Stored data entries:
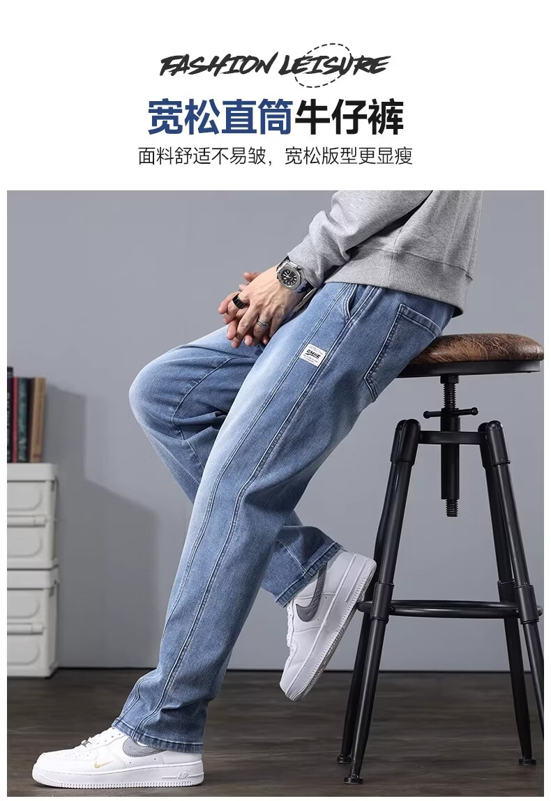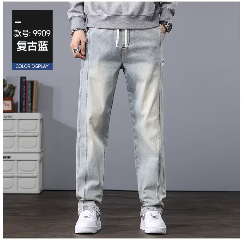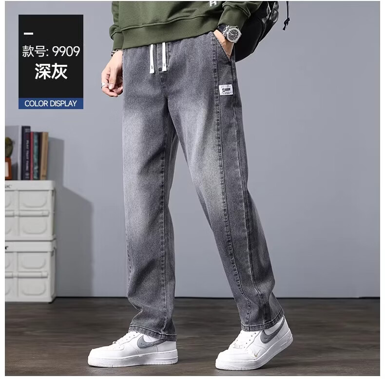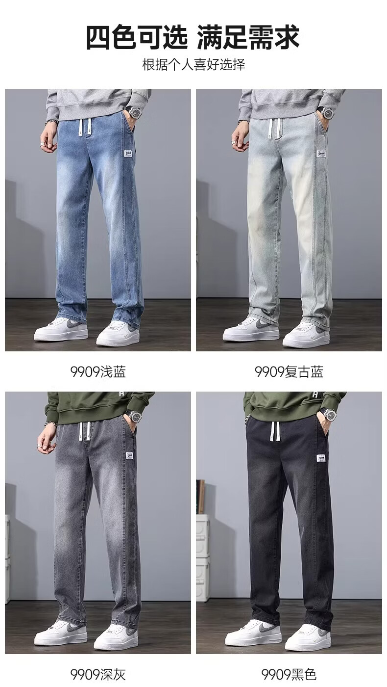 真维斯2026新款春秋季牛仔裤男士宽松潮牌松紧腰裤子男生休闲直筒长裤子 随机款 2XL
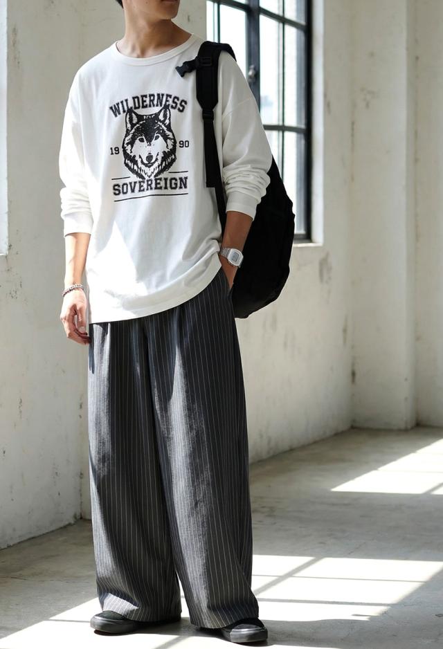 すっきりとしたクルーネック(ラウンドネック)に程よくゆとりのある形状で、ラフに着られる一枚に仕上げました。
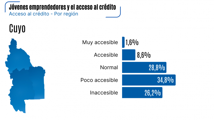 Una encuesta realizada por el sector Joven de la Confederación Argentina de la Mediana Empresa (CAME) determinó que seis de que cada diez empresarios argentinos de entre 18 y 40 años tiene dificultades o le resulta imposible acceder al financiamiento productivo. Se trata de un segmento etario con falta de capital de respaldo y de flujo de fondos para invertir.
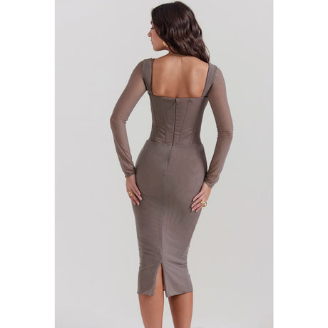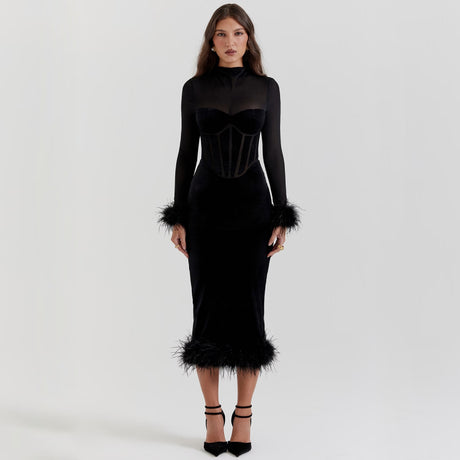 Precio normal ¥25,000 JPYPrecio unitario /AgotadoElegante vestido midi sexy con plumas
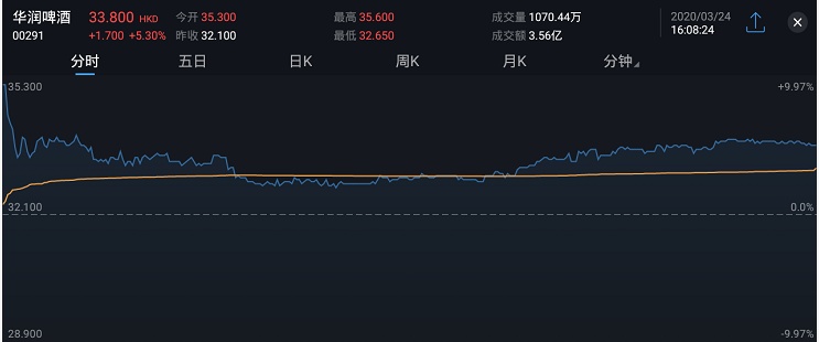 截至今日收盘,华润啤酒涨5.3%,报33.8港元。
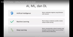 Pada hari pertama training, Teams Coach memberikan materi tentang Getting Started with Artificial Intelligence on Azure.
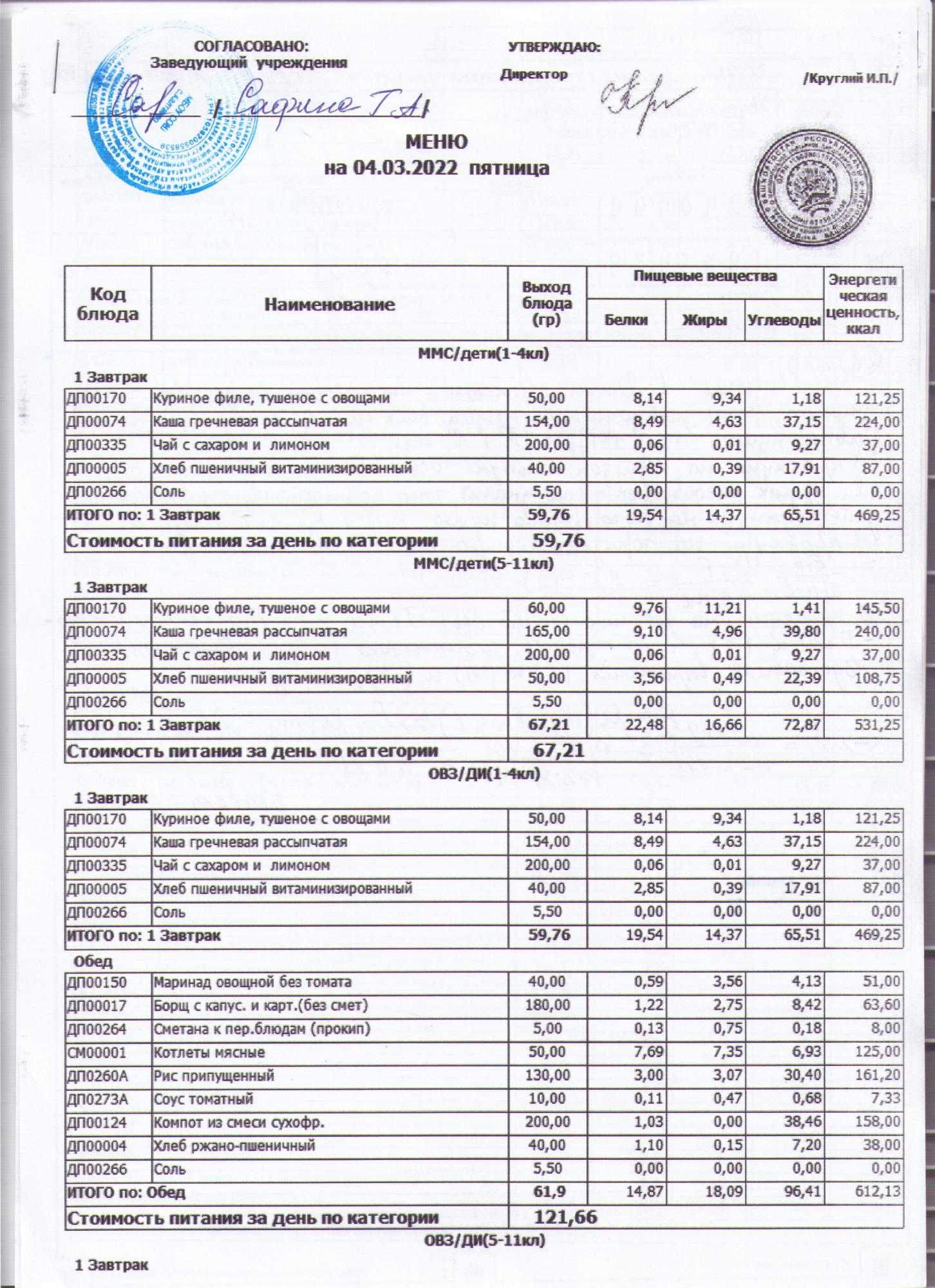 меню на 04.03.2022
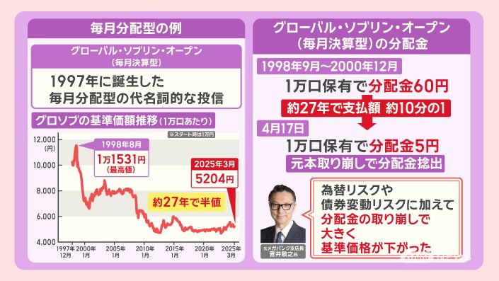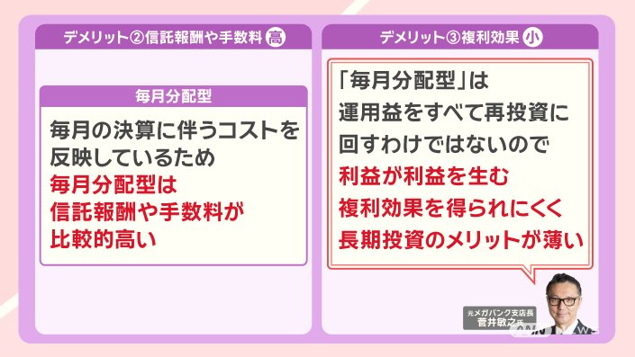 「『毎月分配型』は、運用益をすべて再投資に回すわけではないので、利益が利益を生む複利効果を得られにくく、長期投資のメリットが薄い」ということです。

• **Exercise**: Leave the pictures aside and print exactly, and only, the lines from the one with "截至今日收盘,华润啤酒涨5.3%,报33.8港元。" through the end of the data, both included.

• **Answer below**:
 截至今日收盘,华润啤酒涨5.3%,报33.8港元。
 Pada hari pertama training, Teams Coach memberikan materi tentang Getting Started with Artificial Intelligence on Azure.
 меню на 04.03.2022
 「『毎月分配型』は、運用益をすべて再投資に回すわけではないので、利益が利益を生む複利効果を得られにくく、長期投資のメリットが薄い」ということです。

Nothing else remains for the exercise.